# Schwinn American.



## Freemason Cyclist (Sep 2, 2009)

I have a Schwinn American that is in pieces. I took apart myself with the hope of restoring it. The most I could do at the time is have it rebuilt as a rideable, but well used looking bike. I would like to restore it, but need to know if it is worth it to do so. Are these bikes very valuable when restored? Or is it more valuable as scrap metal? I am asking based on the concept of selling it once restored.


----------



## Ronn's Vintage Bikes (Sep 3, 2009)

From my own experience, It will cost more to restore than it will be worth. If you get into paint and chrome it becomes very expensive.
An original bike in good condition, ( Schwinn American) is only worth $200.00 to $500.00 depending on options like gears, racks, brakes ect. And that is in original condition.
 You would need a lot of options to get to the high end of the price range. 
 It would cost at least that much to restore. Not to mention your time and there will be a lot of that.
When I restore bikes, I do it for the love of the project not to make any cash. 
Look on Ebay to get a feel for the worth of your bike and you will need to start by dating your bike. Schwinn date codes are at the top left of this website.
Remember, this is just my opinion. 
Ronn


----------



## greenephantom (Sep 4, 2009)

A lot of folks say "restore" when they really mean "refurbish".  "Restore" is to bring back to showroom new condition, and is an expensive and time consuming undertaking, not worth it at all on an American.  "Refurbish" is to make mechanically sound and perhaps update things like tires, seat and pedals. 
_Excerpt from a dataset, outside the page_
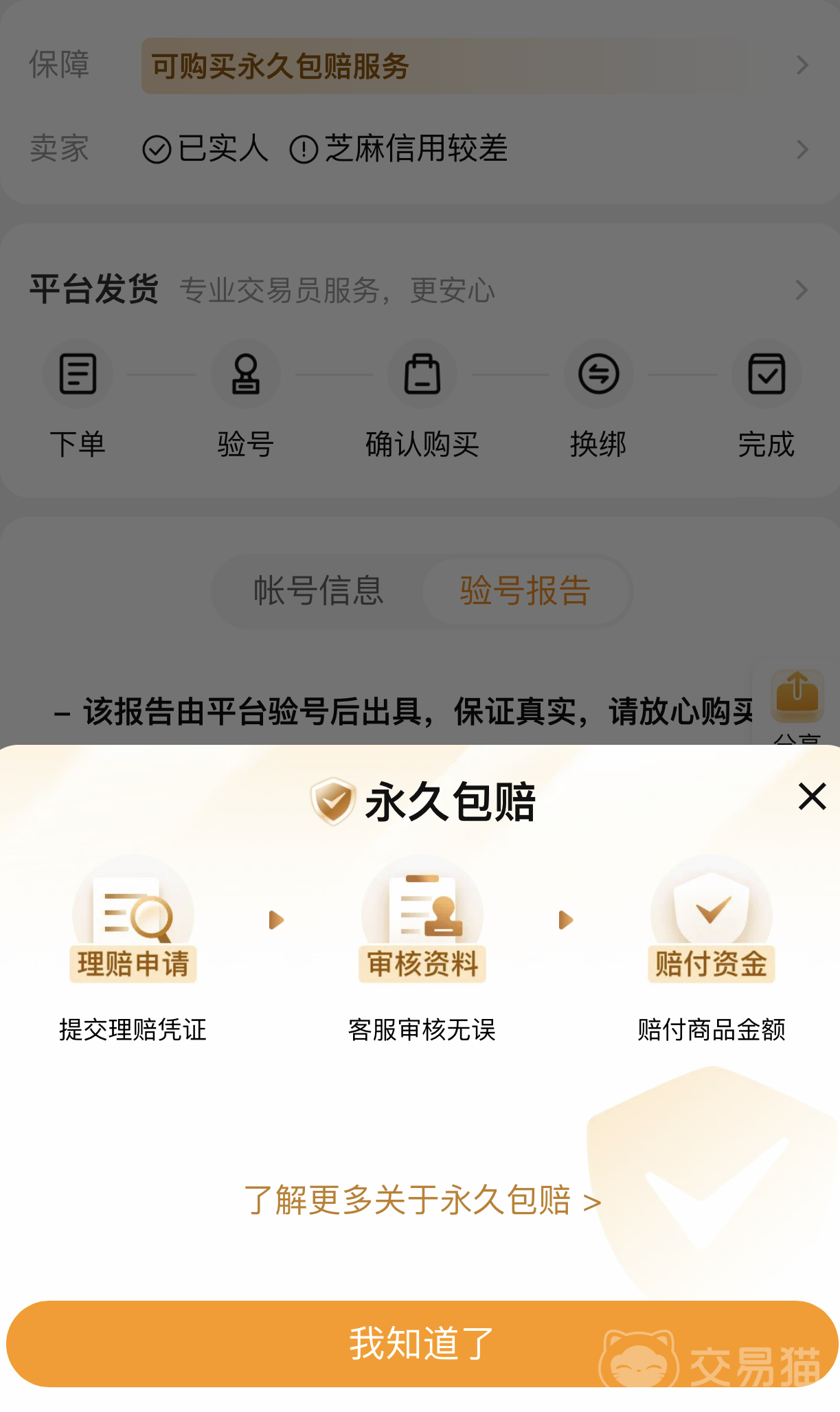 如果账号被盗号或者找回的话,就会对买家造成损失,并对卖家也有一定的困扰。所以为了杜绝这种情况出现,平台还支持永久包赔,出现问题可获得赔付。卖家们可以为买家们买一份,从而提升买家们的信任度,让他们可以更放心购买。当然没有的话,买家也可以自己选择购入一份。

 As a refurbished bike, your American is a worthwhile piece of machinery.  But you'll have to figure out what it'll cost you to buy the parts and do the work.  I forget if you mentioned in your post if it's a boys or a girls frame, but the boys frames are worth more than the girls to collector types.  But from the sound of it, you have a well-used bike, so likely it will get purchased by someone looking for a funky old bike.
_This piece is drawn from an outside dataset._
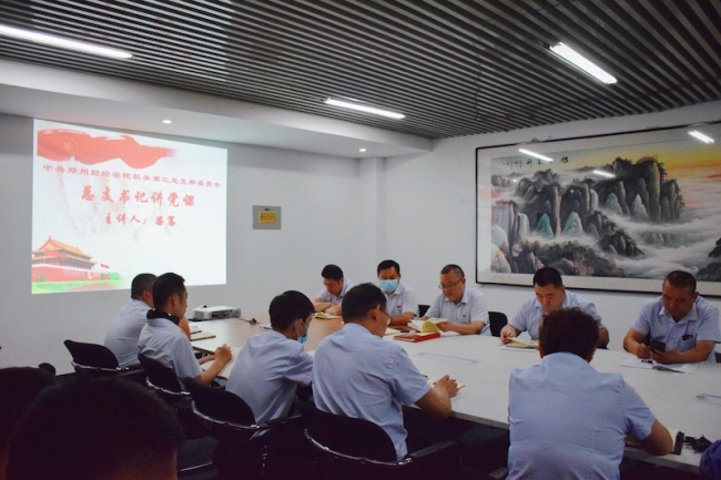 为深入开展党史学习教育,庆祝中国共产党成立100周年,6月6日,机关三总支书记柴骞为支部全体党员上党课。

Your other option is to sell in on CL as a basket case box of parts.  People just love putting stuff back together for themselves.  You might actually get more money as a project bike than as a refurbished bike, taking parts and time into account.

Cheers, Geoff


----------



## how (Sep 12, 2009)

*bike is worth,*

80 to 125 put back together if the paint is so so,,but not real rusted. And as long as the chrome cleaned up somewhat..they make great riders. Bike is worth about a buck as scrap,,never scrap an old schwinn sell it to some one for a few bucks,,so he can rescue it.
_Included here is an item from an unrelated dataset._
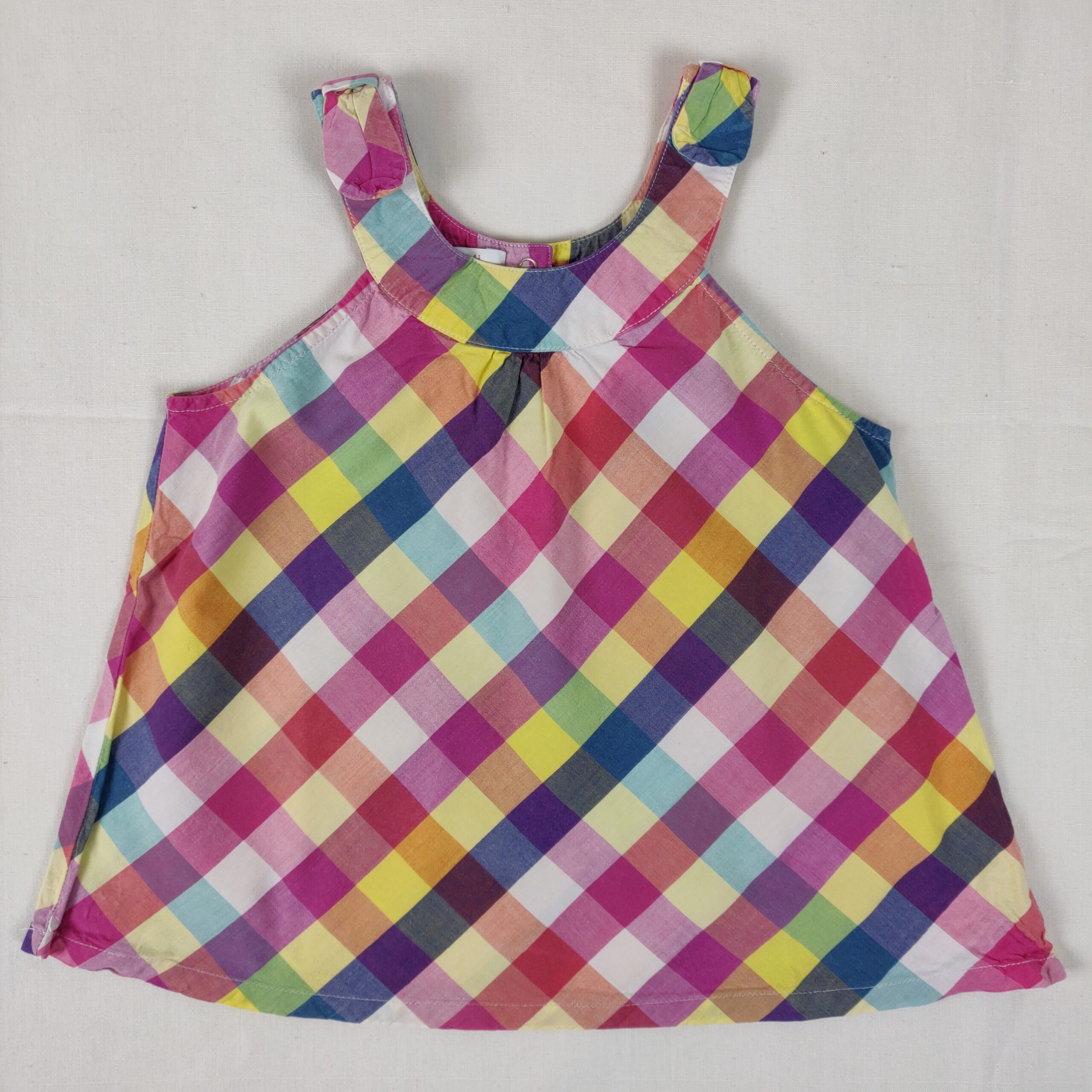 Autres commentaires : Top sans manches style madras , col arrondi, boutonnière de 3 boutons pression en haut du dos.

any schwinn middle weight rider cleaned and greased is worth 60 bucks.
I have sold them for 60 to young men that use them as riders,,at college or what ever. I have one now I painted with a rattle can put decals on it,,trying to sell it for 80 bucks,,,i have more than that in it lol,,but did it for fun.
here is a pic of it so far no one called lol,,,I will give it away soon if no one calls,,,I know a few guys who would love it for free lol.
here is a pic


----------



## Freemason Cyclist (Sep 28, 2009)

I finally have gotten around to refurbishing the Schwinn American I have. I have cleaned up the frame and everything else. I am working on cleaning the rust off of the metal now. after I do that I am going to paint the metal with the correct color to protect from it rusting again. After I have all of that done I am going to take it to the bike shoip so it can be rebuilt as a rideable bike. but I do not know what I am going to do with it from there. Any suggestions?

Here is the write up I did on the bike on my blog: http://historyandculturebybicycle.blogspot.com/


----------



## pedal alley (Sep 28, 2009)

*Any suggestions?*

RIDE IT . bicycle riding is GREAT !


----------



## Freemason Cyclist (Sep 28, 2009)

pedal alley said:


> RIDE IT . bicycle riding is GREAT !




I ride a Vision R40 recumbent. Have been for the last 7+ years. I just can't bring myself to riding another upright/diamond frame/wedgie style saddle bike ever again. I sent an email to the curator of the Sioux City Public Museum to see if she would be interested in the Schwinn American, once I have finished refurbishing it and after the new museum is completed, for either a bicycle or transportation/travel exhibit. A new museum is in the porcess of being built inside an existing downtown building to replace the current museum, located in the Pierce Mansion, which will be turned into a period home as it should be.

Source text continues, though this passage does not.